Current World Archaeology is a magazine devoted to archaeology spanning the globe.

== Summary ==
The magazine focuses particularly on Egypt, Mesopotamia and the Near East, and Greece and Rome, while the civilizations of the Americas are frequently covered. It studies great civilisations from significant eras of the past, such as Early Humans; the Egyptians; the Greek Empire; Jōmon; Mayans; The Roman Empire; and Alexander the Great. The 100th issue, published in April 2020, covered an Ice Age sculpture, the Vergina tombs of Alexander the Great’s family, Ephesus revisited, Angkor Wat and the Tikal pyramids. Other main features in past issues have included articles on Herculaneum.

As a magazine and not an academic journal, the publication is aimed at amateurs as well as professional archaeologists. It is 'essentially a "news" magazine' which looks for new discoveries when they occur, and reports on recent excavations. The producers work in collaboration with the British Museum, the British Academy, and many universities, both in the UK and across the world. It is recommended by the Council for British Archaeology.
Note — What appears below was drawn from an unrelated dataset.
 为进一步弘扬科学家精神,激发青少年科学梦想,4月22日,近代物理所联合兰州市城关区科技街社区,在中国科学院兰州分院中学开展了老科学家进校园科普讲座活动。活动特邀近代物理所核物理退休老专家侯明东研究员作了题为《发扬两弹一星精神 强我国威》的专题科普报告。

The publication includes articles written by established academics, such as Simon Kamer, Assistant Director of the Sainsbury Institute for the Study of Japanese Arts and Cultures, Professor Andrew Reynolds (University College London) and David Gilman Romano (University of Pennsylvania).
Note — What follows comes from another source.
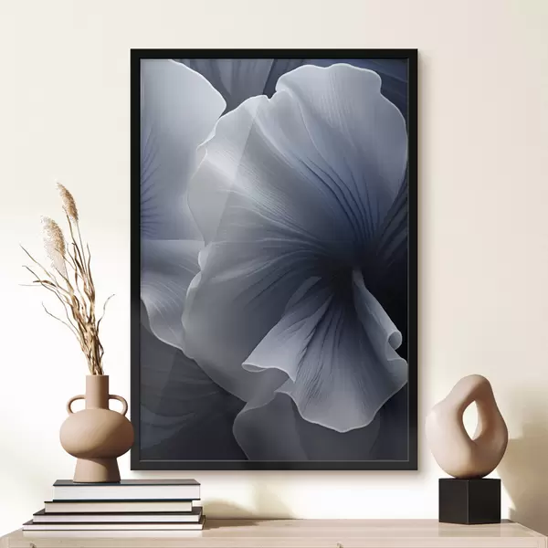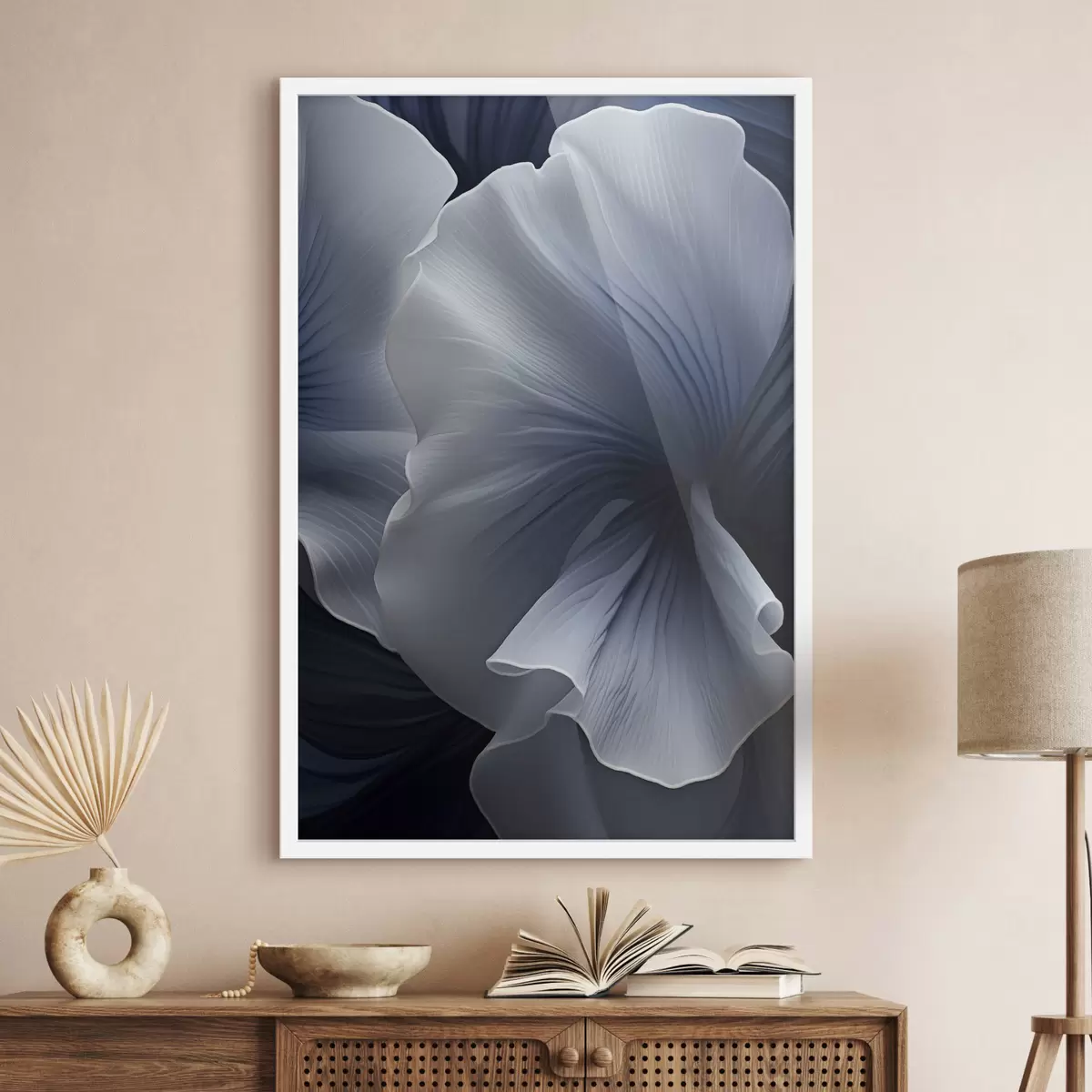 Poster Abstracte blauw-witte bloemblaadjes tegen een donkere achtergrond Nr f48731

The magazine is published 6 times per year and was launched in September 2003 as a sister magazine to Current Archaeology. It is published in the United Kingdom by Current Publishing and Andrew Selkirk is the editor-in-chief, and has a circulation of 5,000 subscribers in the UK and 20,000 across the world.

==Features==
Each issue includes at least 4 major features, covering topics from all areas of archaeology around the world. These are often written by archaeologists, and edited to make them accessible to all. The magazine also includes news, reviews, and columns, including regular columns by Brian M. Fagan (University of California) and Richard Hodges, and occasional competitions.